Before his death in 1823, the Marquess went to visit Sucre in Quito to offer Carcelén, his heiress, in marriage. Although Sucre accepted the courtship, he continued to dedicate himself to the war against Spain, and he and Carcelén exchanged letters for several years. The pair married on 20 April 1828, however because Sucre was the President of Bolivia, General Vicente Aguirre was present during the ceremony as Sucre's representative. Aguirre also visited the Carcelén Mansion, where Sucre and Carcelén would live, and informed Sucre of its condition, as well as oversaw its redecoration.

After the marriage, Carcelén became the 1st First Lady of Bolivia, a position she would hold for 8 days until Sucre resigned on 28 April 1828.

Sucre returned to Quito on 30 September 1828, and the pair moved into the Carcelén Mansion. Ten months later the Marquise gave birth to their first daughter, María Teresa de Sucre y Carcelén de Guevara.

====Assassination of Sucre====
In 1829 Sucre received the order to return to Bogotá to preside over the Congress of Gran Colombia in an attempt to avoid its dissolution. He was assassinated in the Berruecos mountains on 4 June 1830. Carcelén learned of his death 2 weeks later and penned a letter to General José María Obando, accusing him of having plotted her husband's murder.

===Second marriage===
On 16 July 1831, Carcelén married a second time to the Colombian general Isidoro Barriga y López de Castro, who had fought alongside Sucre during a campaign in Peru. This was a controversial decision; the custom at the time was for a widow to wait 5 years before remarrying out of respect for the deceased husband.

On 16 November 1831, several months after the marriage, Barriga was playing with Teresa, the daughter of Sucre and Carcelén, in his arms, when she fell to the patio, hitting her head and dying instantly. Although there was some speculation that her death was intentional, most historians believe it was a tragic accident, citing Barriga's reputation as a kind and generous man, rather than bloodthirsty. Yet other historians believe that Teresa did not die in an accident at all, and instead succumbed to a stomach virus, a common cause of death in children her age during that time.
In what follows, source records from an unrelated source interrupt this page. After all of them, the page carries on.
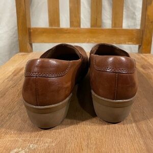 Womens Clarks Leather Loafers Everlay UMA Brown Slip On Comfort Shoes Size 7
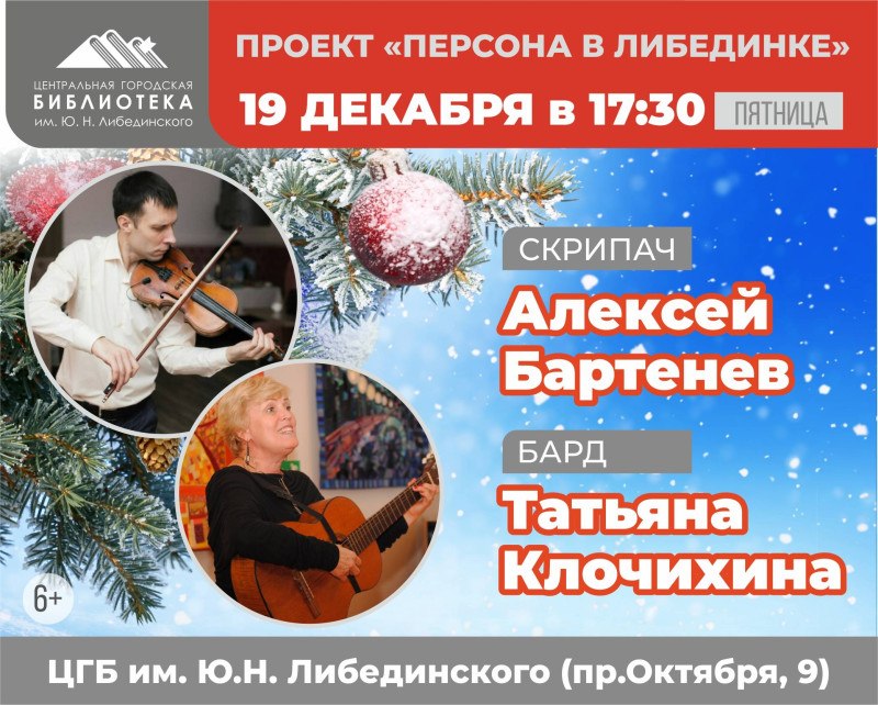 Друзья, приглашаем на творческую встречу в ЦГБ им Ю.Н. Либединского. В рамках проекта «Персона в «Либединке» для вас выступят скрипач Алексей Бартенев и бард Татьяна Клочихина. Гости исполнят интереснейшие музыкальные произведения, популярные авторские песни.
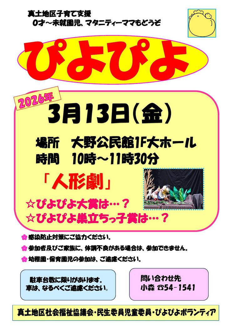 - 2026/03/01 「ぴよぴよ」3月開催のご案内 2026年3月13日(金) 10:00〜11:30 大野公民館1階ホール

In 1832, Carcelén gave birth to Manuel Felipe Barriga y Carcelén de Guevara, her only child from the marriage. Barriga died 29 May 1850.

===Third marriage===
One year after the death of Barriga, Carcelén married a third time to José Baltazar Carrión Torres, a lawyer native to Loja. They had one child, Mercedes Soledad Carrión y Carcelén de Guevara, who did not make it to adulthood, likely due to problems related to the advanced age of her mother.
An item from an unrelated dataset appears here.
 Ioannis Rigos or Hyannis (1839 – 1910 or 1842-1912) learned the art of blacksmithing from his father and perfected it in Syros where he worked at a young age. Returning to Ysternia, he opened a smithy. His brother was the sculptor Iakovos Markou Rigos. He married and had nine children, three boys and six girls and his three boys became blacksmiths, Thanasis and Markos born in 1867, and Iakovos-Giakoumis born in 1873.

===Final years and death===
Felipe, Carcelén's only surviving child, married Josefina Flores Jijón, daughter of General Juan José Flores. Carcelén believed that General Flores had played a part in the murder of her first husband, and her relationship with her son suffered as a result of his marriage. Carcelén died on 15 December 1861 at the age of 56, and was buried in Quito. She was mourned throughout the city, where she was well-known for her charity towards the poor.